**Exercise aim**:
Scan the records for the string "with", then copy each line that has it.
─── Exercise inputs
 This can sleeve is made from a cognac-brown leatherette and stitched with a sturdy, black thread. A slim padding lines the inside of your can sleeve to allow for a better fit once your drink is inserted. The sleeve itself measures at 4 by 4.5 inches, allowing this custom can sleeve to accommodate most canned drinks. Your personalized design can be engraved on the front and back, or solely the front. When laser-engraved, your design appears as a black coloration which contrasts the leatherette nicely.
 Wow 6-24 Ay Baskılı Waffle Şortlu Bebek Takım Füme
──────
─── Exercise inputs
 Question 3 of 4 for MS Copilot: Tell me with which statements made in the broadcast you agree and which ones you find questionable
──────
**Exercise result**:
 This can sleeve is made from a cognac-brown leatherette and stitched with a sturdy, black thread. A slim padding lines the inside of your can sleeve to allow for a better fit once your drink is inserted. The sleeve itself measures at 4 by 4.5 inches, allowing this custom can sleeve to accommodate most canned drinks. Your personalized design can be engraved on the front and back, or solely the front. When laser-engraved, your design appears as a black coloration which contrasts the leatherette nicely.
 Question 3 of 4 for MS Copilot: Tell me with which statements made in the broadcast you agree and which ones you find questionable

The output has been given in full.